四逆湯と白虎湯に現れる口渇と腹満について、腹証奇覧翼の記載を手掛かりにして鑑別点を探ってみます。
下図は陽明経証、白虎湯証の腹診図です。
また下図は少陰病・四逆湯証の腹満です。
腹証奇覧では、四逆湯証の腹満は、しまりがなくて熟した瓜を按すようであり、拘急が見られる場合であっても腹皮に力は無く、腹底にすじばりががあって、脹滿していて無力であると述べています。
それに比べて、白虎湯証の胸腹の肌膚は、熱灰を袋の外からなでるようだと言います。
四逆湯証と白虎湯証は、手掌に伝わってくる熱感と腹部の有力・無力で噛み分けることを言っています。
また他の所見での白虎湯と四逆湯の鑑別は、白虎湯は目に赤脉を生じ、舌苔はあるが歯茎まで乾燥して潤いが無く、すこぶる口渇があって病人に何となく勢い強く見えるとあります。
さらに口渇の鑑別に関しては、基本的には冷飲・熱飲のどちらを好むかであると述べながら、これも一定しないと述べられています。
白虎湯証の場合、水を飲ませるとすぐに額や目に潤いが現れるとありますので、本当にカラカラに燥いていることが分かります。
四逆湯証に冷水を飲ませると、舌がヒリヒリとした感じがして寒を得たかのように手足に振るえを生じ、触れると医師の手にもたれるようで、無力であるとあります。
ところが白虎湯証でも、飲水後に震えの生じる場合があり、この場合は拘急して自分の意思で手足が動かせなくなるとあります。

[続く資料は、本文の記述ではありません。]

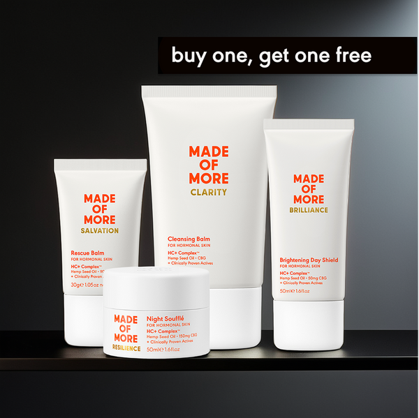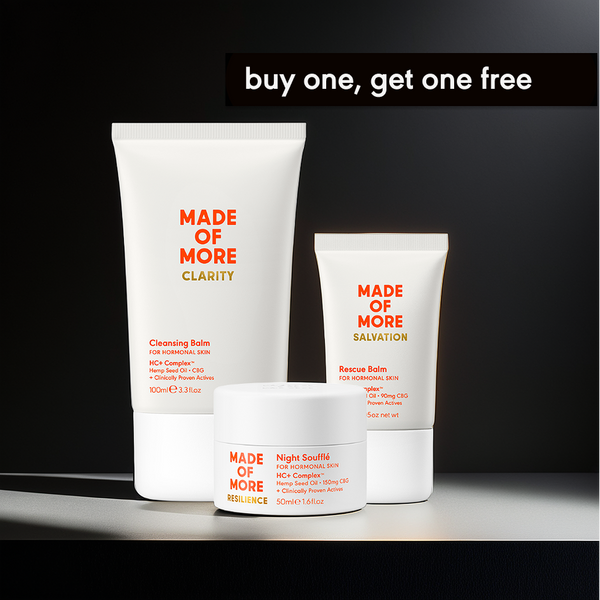"Skin can become easily antagonised by UV, blue light and pollution when affected by hormones - balance is key and this is where CBG comes in, a hero hydrating ingredient and a powerful antioxidant, it also helps to balance sebum keeping skin glowing and healthy without breakouts or redness."

陰陽が交わらず、反って熱結がひどくなるためでしょうか。
なんか、かなり複雑です。
このようなことがどのような病理で生じるのか、もう少し深読みしたいところですが、煩雑になるばかりなので今後の課題として記憶するにとどめたいと思います。
四逆湯証も白虎湯証も、ともに非常に高い熱が現れる場合があるので、ここは注意して真仮を見極める必要がありますね。
〔白虎湯方〕
知母(六兩) 石膏(一斤碎) 甘草(二兩炙) 粳米(六合)
右四味、以水一斗、煮米熟、湯成、去滓、一升温服、日三服。
知母(六兩) 石膏(一斤碎) 甘草(二兩炙) 粳米(六合)
右四味、水一斗を以て、煮て米熟し、湯成りて、滓を去り、一升を温服し、日に三服す。